Beyond the Limelight: What Happened to Michael Jackson’s Cherished Pet, Bubbles

At the height of his rise to pop superstardom in the 1980s, Michael Jackson was inseparable from his pet chimpanzee Bubbles.

The friendship did much to cement the singer’s reputation for deep eccentricity and attracted intense tabloid interest around the world.

Jackson – who died in 2009 and whose legacy has been tarnished by multiple allegations of sexual abuse, which he denied throughout his lifetime – would take his primate familiar with him everywhere he went, the duo often giving TV “interviews” together and sporting matching outfits.

But whatever happened to Bubbles and the other 124 wild animals Jackson kept at his theme park home, the Neverland Ranch, in Santa Barbara County, California?

The question is addressed in the new documentary Searching for Michael Jackson’s Zoo with Ross Kemp, now streaming on ITV Hub, in which the former EastEnders hardman interviews former keepers and animal trainers about the fate of the star’s former pets in the wake of his death.

Perhaps attempting to capitalise on the popularity of Netflix’s lockdown sensation Tiger King, Kemp’s programme seeks out the lions, tigers, elephants, giraffes and zebras that once made up Jackson’s menagerie.

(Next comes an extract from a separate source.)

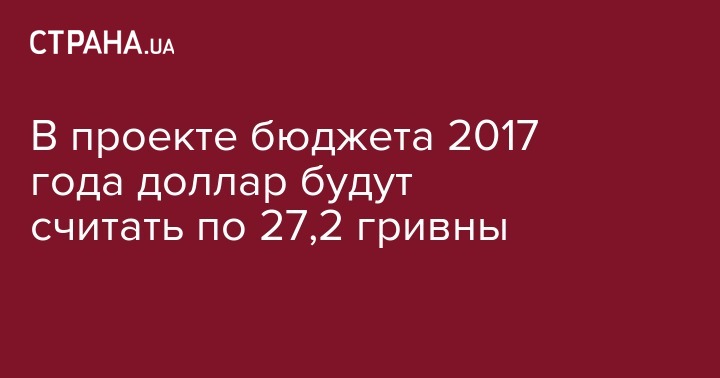 В проекте бюджета 2017 года доллар будут считать по 27,2 гривны

But it is Bubbles, immortalised as an icon of pop cultural history in a series of sculptures by Jeffrey Koons in 1988, who remains the object of greatest fascination.

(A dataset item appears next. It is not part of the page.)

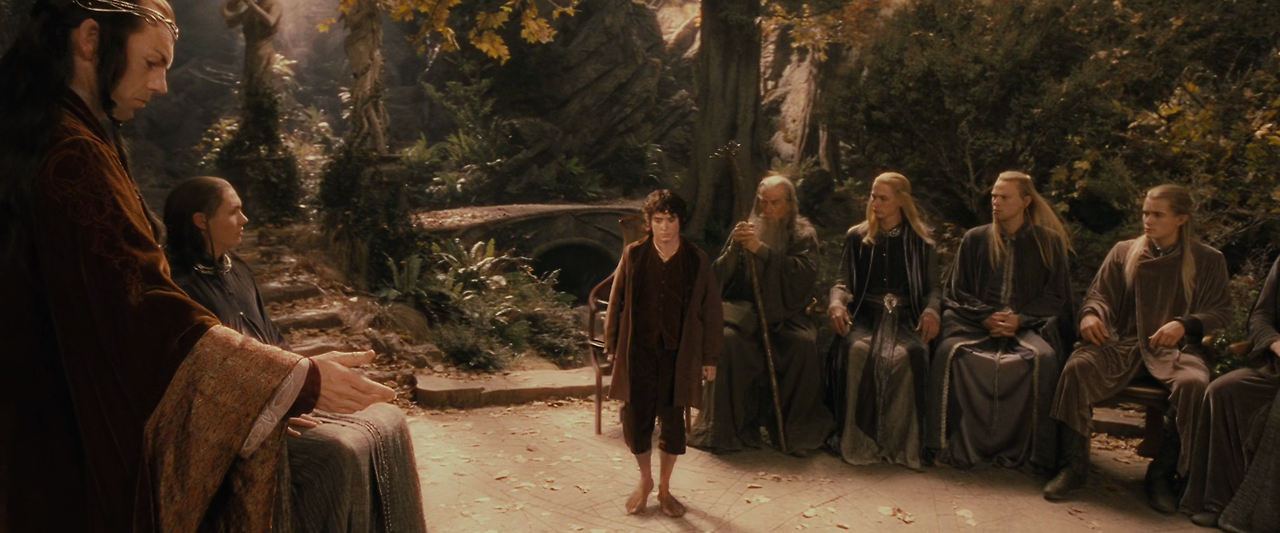 쾌활하고 검술가인 아라고른이 추가되면서 프로도의 여정은 순조롭게 진행되는 것 같았다. 그러나 이들은 사우론의 부하들에게 여러 차례 습격을 받고 그런 와중에서 프로도는 부상을 당하기까지 한다. 일행이 리벤델 궁전에 도착하자 영주인 엘론은 중간계에 있는 모든 종족의 대표들을 불러 모아 반지에 대한 대책을 논의한다. 이 자리에서 프로도는 모드도르 화산 분화구에 가서 반지를 파괴하겠다고 선언하고, 그곳에 모인 다른 종족들은 프로도를 호위하기 위한 원정대를 구성하기로 결의한다. 그리하여 아라고른, 인간인 보로미르, 엘프인 레골라스, 드와프 김리, 호빗인 샘, 메리, 피핀, 그리고 마법사 간달프로 이루어진 9명의 “반지 원정대”가 구성되었다.

Jackson is understood to have first acquired the baby chimp from a biomedical research laboratory in Austin, Texas, in 1983, saving him from life as a test subject to live in luxury at the singer’s apartment home in Encino prior to the move to Neverland.

The pair quickly became close, with Bubbles said to have slept in his owner’s bedroom in a crib, eaten supper at Jackson’s dinner table, chewed popcorn at his side in the ranch’s private cinema and even learned to use the bathroom when he became too mature to wear nappies.

When he was later invited to reflect on the ape and his other exotic pets in court in 2005, Jackson even claimed that they helped with the housework, explaining: “They run around, help me clean the room. They help me dust, clean the window.”

A 2010 TV documentary, Michael Jackson and Bubbles: The Untold Story, would later allege that the star had expressed interest in having the chimp’s vocal chords operated on in the hope of enabling him to talk and was fascinated with apes’ capactiy for learning, keeping a human brain in a jar for comparative study.

Bubbles joined Jackson on the Bad tour in 1987, appeared in the video for the accompanying album’s ninth single “Liberian Girl” and even visited City Hall in Osaka on the jaunt’s Japanese leg to drink green tea in the company of mayor Yasushi Oshima.

He appears to have been partial to tea, also sitting down for a cup with legendary Hollywood actress Elizabeth Taylor, a great friend of Jackson (sadly, rumours that the chimp acted as ring bearer at her 1991 wedding to construction worker Larry Fortensky at Neverland are untrue).

Bubbles pointing to a picture of himself with his world famous owner (Getty)

Bubbles pointing to a picture of himself with his world famous owner (Getty)

One famous name Bubbles reportedly alienated was Queen frontman Freddie Mercury, who became exasperated during the recording of a duet with Jackson in 1984 when the American repeatedly deferred to the ape’s opinion on the quality of takes, prompting Mercury to storm out in disgust.

Their collaboration, “There Must Be More to Life Than This”, did not appear, other than as a Mercury solo track, until it resurfaced on Brian May and Roger Taylor’s Queen Forever compilation in 2014.

Inevitably, Bubbles eventually became too large and aggressive to be kept as a domestic pet and was relocated to an animal sanctuary in Wauchula, Florida, the Center for Great Apes, in March 2005, where he still lives in retirement to this day and where his upkeep is still paid for by the Jackson estate.

According to his keepers, Bubbles is now “a physically imposing 185-pound, 4.5-foot adult male” who is”treated as the dominant male in his group of chimpanzees that includes his best friends, Ripley and Oopsie, as well as Boma and Jessie”.

One of Jeffrey Koons’s sculptures of Michael Jackson and Bubbles (PA)

One of Jeffrey Koons’s sculptures of Michael Jackson and Bubbles (PA)

They report that he “enjoys quiet moments and painting” but “gives the canvas back only when he is finished”.

Interestingly, they add that he is increasingly camera-shy in his old age, perhaps a reaction to his brush with worldwide fame and rampant paparazzi all those years ago.

Jackson is said to have visited Bubbles in Florida on a number of occasions before his death.

Bob Dunn, a celebrity animal wrangler, toldThe News of the World in 2009: “Bubbles definitely missed him when they parted and will miss him now. Chimpanzees are intelligent. They remember people and stuff.

“Bubbles and Michael were close friends and playmates. The last time Michael visited, Bubbles definitely recognised and remembered him.”